Bengals: Eric Bieniemy
Bieniemy was a popular player for the Bengals and Mike Brown loves staying within that family tree. After 16 years of Marvin Lewis, I am looking for younger, fresher ideas and the Andy Reid coaching tree has sprouted some very fruitful coaches. If you think Hue Jackson is good for Andy Dalton, keep him around as a QB coach or whatever. Vance Joseph returning as a defensive coordinator would make sense, too.
Cardinals: Zac Taylor
The owner already aimed big by offering the keys to the kingdom to Mike McCarthy. He said no, and this was already a very tough job to fill a year ago (Munchak, for starters, walked away from it).

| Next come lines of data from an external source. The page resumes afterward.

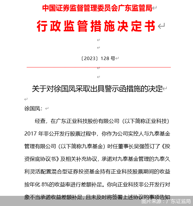 继今年2月九泰基金因定增投资“老鼠仓”事件遭罚后,又有相关机构人员遭监管处罚。10月12日,广东证监局针对广东正业科技股份有限公司(以下简称“正业科技”)实控人徐国凤在2017年与九泰基金时任董事长吴强签订《投资保底协议书》及相关补充协议相关行为,对徐国凤出具警示函。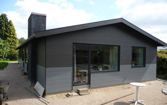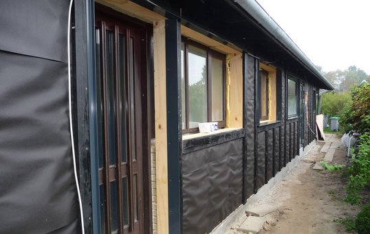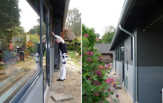 - Fundamentisolering, 200 mm ekstra facadeisolering og ny facadebeklædning af grå eternit.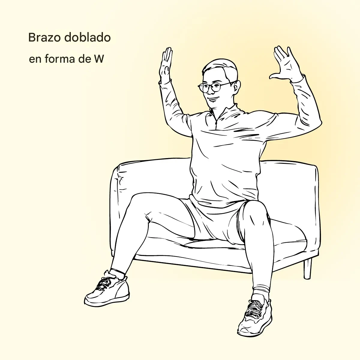 - Doble los codos formando una W, junte los omóplatos y levante el pecho.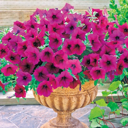 草姿、花色、花形も多様なバリエーションが魅力で、暑さ、乾燥にも強く、夏の花壇を彩るのに欠かせない。ナス科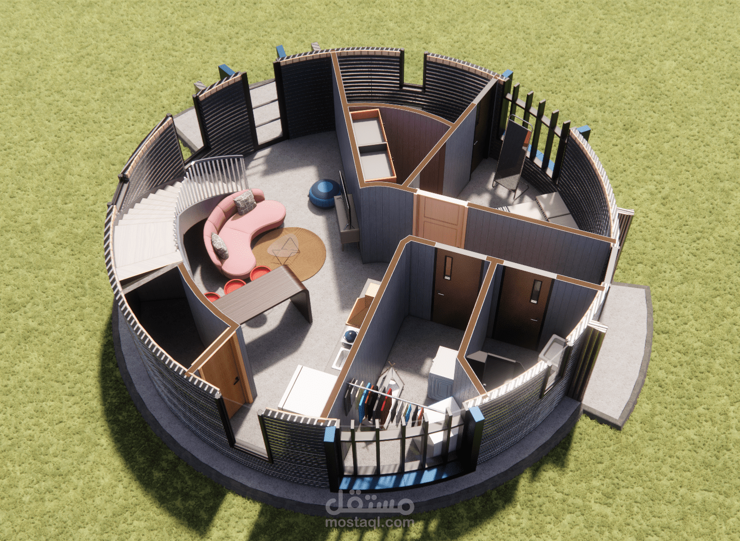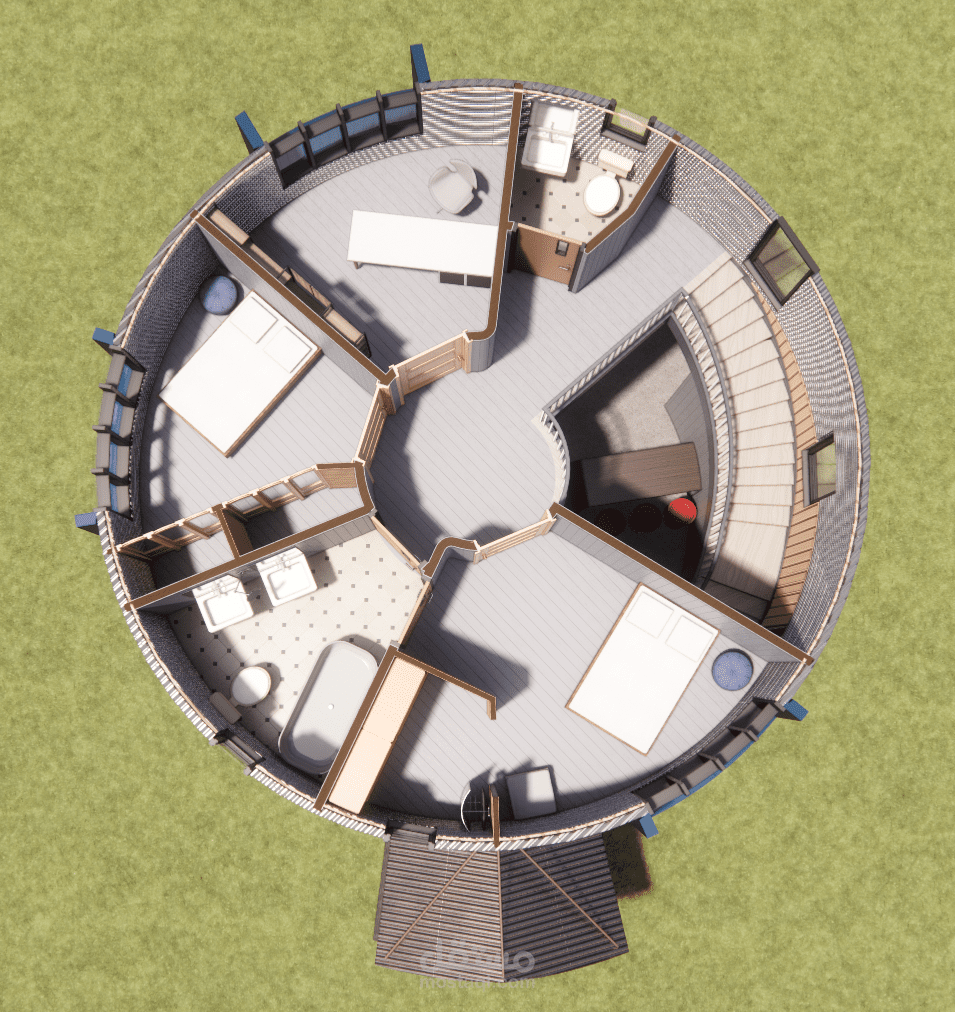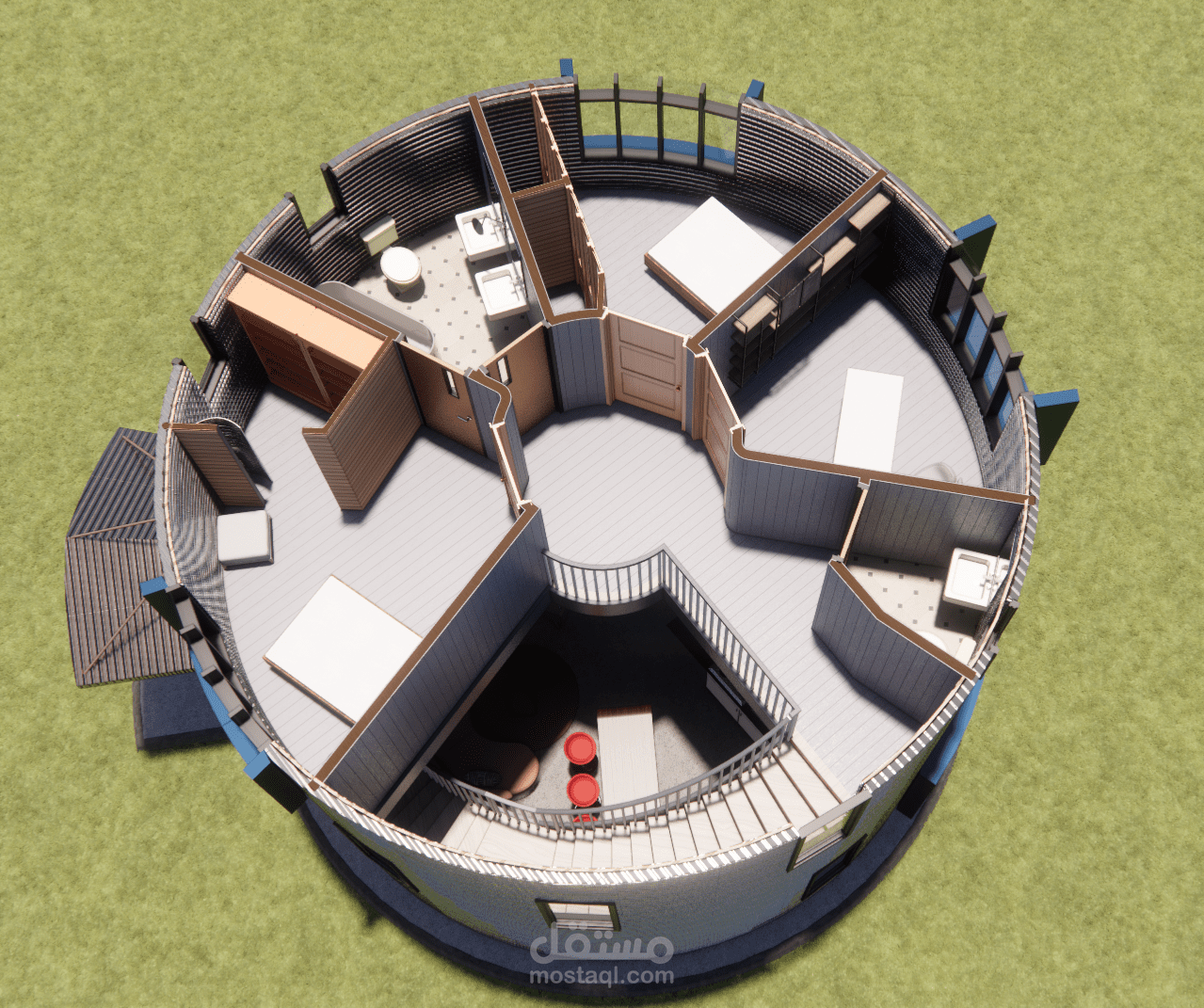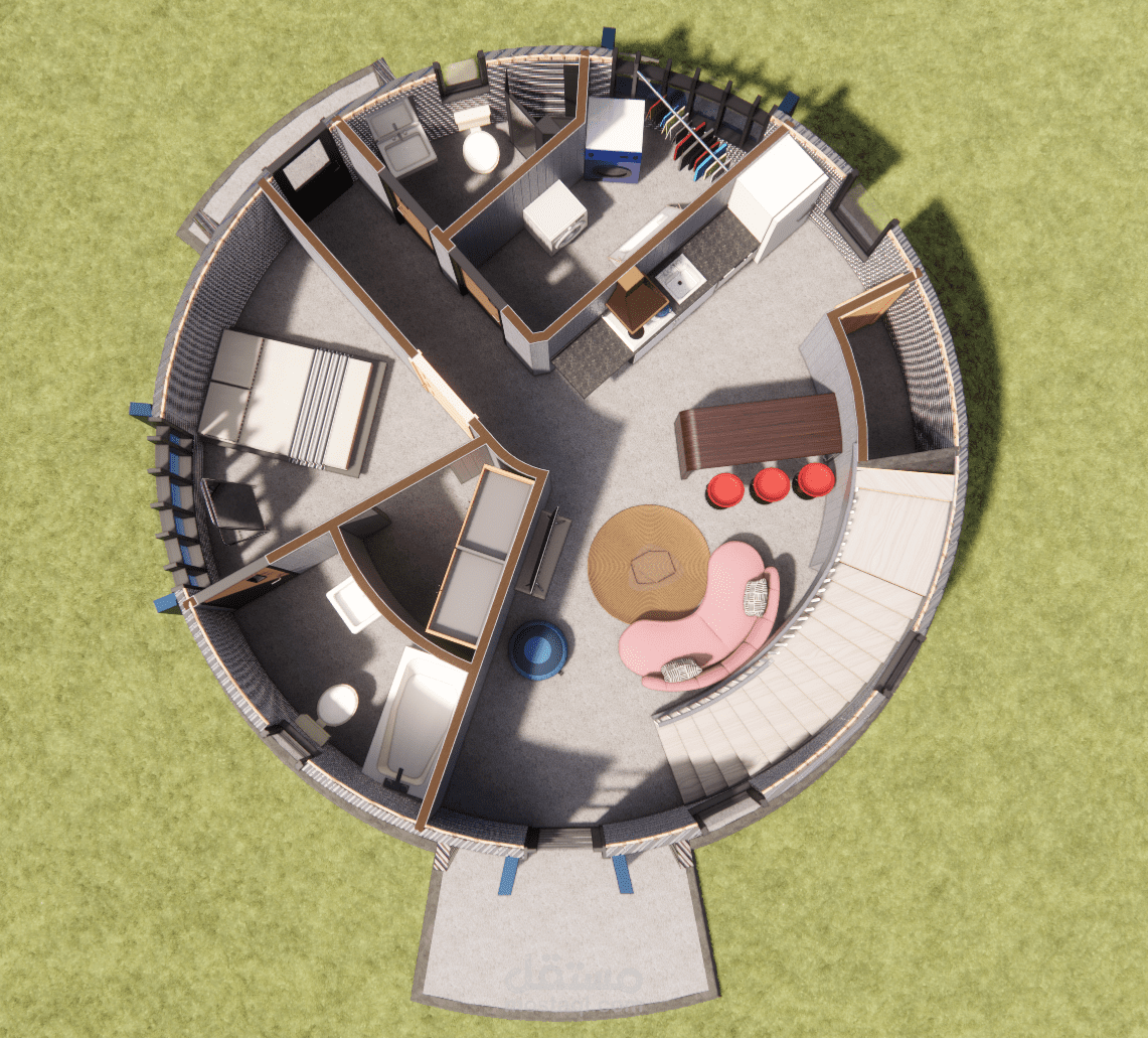 بناءً على رقبة العميل الذي يملك مستودع حبوب بشكل صومعة ويرغب بابتكار تصميم جديد لتحويله غلى منزل قابل للسكن فقد تم عمل التصميم المرفق والذي نال إعجابه حيث بدأ العمل بتنفيذه ليكون أيقونة مميزة في الحي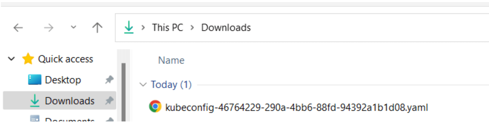 Setelah mengunduh file konfigurasi, cek pada folder tempat menyimpan file hasil unduh pada komputer. Terdapat file dengan nama kubeconfig-<uuid>.yaml. User dapat mengubah nama file tersebut untuk memudahkan melakukan implementasi.

Josh Rosen will scare some coaches, the roster is not good and they went 3-13 for reasons that went beyond just Steve Wilks. Go get Taylor, Sean McVay's most trusted assistant from division-rival Los Angeles. Let him bring his father-in-law, former NFL head coach Mike Sherman, to help him on offense and pair him with a super-experienced former NFL head coach as the defensive coordinator (Chuck Pagano? Jack Del Rio?). Sound familiar? First-round draft pick QB, coming of a difficult rookie season being coached by a staff that seemed over its head that season, who ends up flourishing in Year 2 in the perfect scheme? Oh yeah, McVay to the Rams in 2017, with Wade Phillips as the DC. Happened right in front of Cardinals ownership's eyes in that division.